Revisar un poema sin apagarlo

· Roberto Sirolo · 4 min de lectura

La poesía es la forma donde cada palabra pesa más, y por tanto también aquella donde la revisión tiene el mayor efecto, para bien y para mal. Un corte acertado puede transformar un poema mediocre en uno fuerte; un pulido de más puede quitarle a un poema vivo justo lo que lo hacía respirar.

Revisar por sustracción

La primera pasada de revisión de un poema es casi siempre de corte. Las palabras que no llevan peso —muletillas, conectores innecesarios, adjetivos que repiten lo que el sustantivo ya dice— se van. Las explicaciones que siguen a una imagen ("como una hoja en el viento, sin control") se van. Las imágenes de más, cuando hay tres donde bastaba una, se reducen.

La prueba para cada palabra: si la quito, ¿el poema pierde algo esencial o solo un refuerzo? Las palabras que refuerzan son a menudo las que hay que cortar.

El riesgo opuesto: pulir hasta apagar

Hay un punto en que la revisión deja de ayudar. El poema se vuelve correcto —ninguna palabra fuera de sitio, ninguna aspereza— y al mismo tiempo inerte. A menudo ha pasado porque, al quitar las imperfecciones, se ha quitado también la irregularidad que le daba energía: un verso deliberadamente desequilibrado, una imagen extraña, una elección léxica arriesgada.

No todas las asperezas de un poema son defectos. Algunas son el punto donde el poema está más vivo. Distinguir las dos cosas es el trabajo difícil de la revisión, y se hace mejor tras dejar reposar el texto.

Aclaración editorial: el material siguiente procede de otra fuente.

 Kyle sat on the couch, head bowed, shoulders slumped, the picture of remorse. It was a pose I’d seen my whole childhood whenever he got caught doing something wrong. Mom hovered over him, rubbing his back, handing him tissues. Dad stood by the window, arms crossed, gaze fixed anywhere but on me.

Dejar reposar, luego releer en voz alta

Un poema releído justo después de escribirlo se lee como se tenía en la cabeza, no como está en la página. Dejarlo reposar —días, mejor semanas— permite releerlo como un extraño, y en ese punto los versos débiles, las rimas forzadas, los pasajes que no cuadran se oyen enseguida.

La lectura en voz alta es la otra herramienta esencial. El ritmo de un poema existe para el oído, no para el ojo: un verso que en la página parecía fluir puede tropezar dicho en voz alta, y un verso que parecía plano puede revelar una música que no se veía.

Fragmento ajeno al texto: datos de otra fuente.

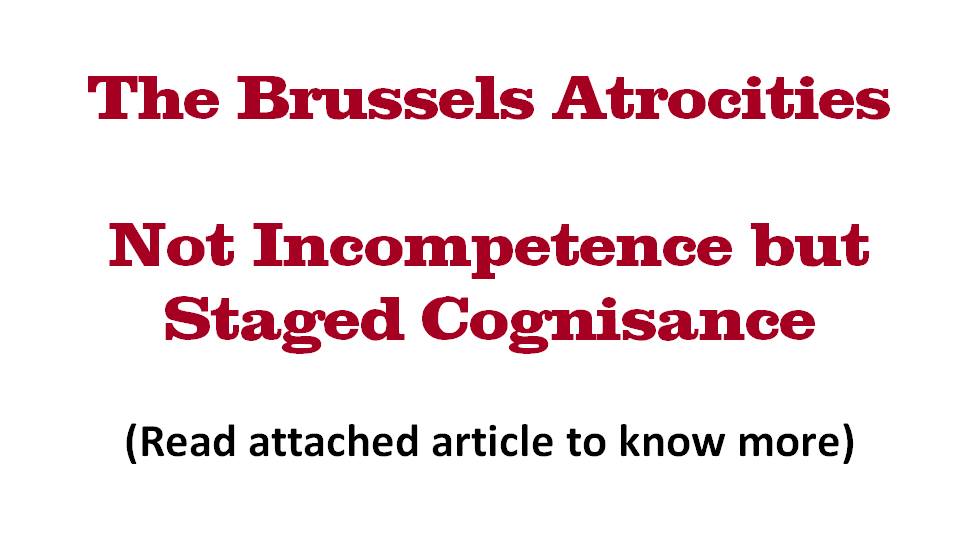 Note: Appended to my piece above, here is a link to an article today cataloguing the so-called “blunders” of the Belgian authorities, including having but ignoring the knowledge of the whereabouts of terrorist leader, Salah Abdeslam for 3 weeks! http://dailym.ai/1SkThLy . No way are these “blunders”. It is all deliberate. Notice also how the anonymous policewoman informant says: “Every day we arrest well-known criminals and the next day they are back on the streets. It is frustrating that we are doing our work but the justice system doesn’t back us up. These people are not being prosecuted or fined, they are just being released. We arrest them and nothing happens to them.” Ever wondered why that would be? Think about it. Belgium is an extremely corrupt country, with Brussels (the “capital” of Europe) at the top of the shitheap — full of paedophiles among the elite in the political/judicial system. Wait till the chemical/biological/ nuclear weapons start exploding in public places — all planned by your “security” services and using these psychopathic jihadis to do the dirty-work. Do not be afraid. They feed on your fear.

Cambiar una palabra cambia todo el verso

En prosa, sustituir una palabra por un sinónimo tiene un efecto local. En poesía no: una palabra nueva cambia el sonido del verso, su ritmo, a veces la relación con el verso vecino. Por eso la revisión de un poema procede a menudo verso por verso, no frase por frase, y cada cambio hay que releerlo en el contexto de los versos que lo rodean.

Saber cuándo parar

Un poema nunca está "terminado" en sentido absoluto, pero hay un momento en que cada cambio más mueve sin mejorar: cambias una palabra, luego la vuelves a poner, luego la cambias de nuevo. Ese ciclo es la señal de que el poema ha alcanzado su punto, y continuar solo arriesga pulirlo.

Comparar las versiones sin perderlas

La forma más fiable de saber si un corte ha mejorado un poema o lo ha apagado es poner las dos versiones una junto a otra y leerlas ambas en voz alta. En NovLore el historial de versiones lleva el rastro de cada reescritura en el sitio, así que puedes probar un corte decidido, volver a la versión con esa aspereza, y elegir comparando en vez de recordando.

Preguntas frecuentes

¿Cuántas veces hay que revisar un poema?

No hay un número. Algunos poemas están cerca de su forma final desde el primer borrador y piden pocos retoques; otros pasan por decenas de versiones a lo largo de meses. La señal para parar no es un recuento, sino el momento en que los cambios empiezan a mover palabras sin mejorar el poema.

¿Cómo distingo una aspereza buscada de un defecto?

Un defecto es algo con lo que el lector tropieza sin ganar nada; una aspereza buscada es algo que lo detiene por un motivo —realza una palabra, rompe un ritmo demasiado liso, crea una tensión—. Leer en voz alta ayuda: si el tropiezo produce un efecto, quizá haya que conservarlo.

¿Debo revisar enseguida o dejar reposar el poema?

Dejar reposar, casi siempre. Un poema releído a las semanas se ve por lo que es en la página, no por lo que se tenía en mente al escribirlo. La revisión hecha en caliente tiende a confirmar las decisiones iniciales en vez de cuestionarlas.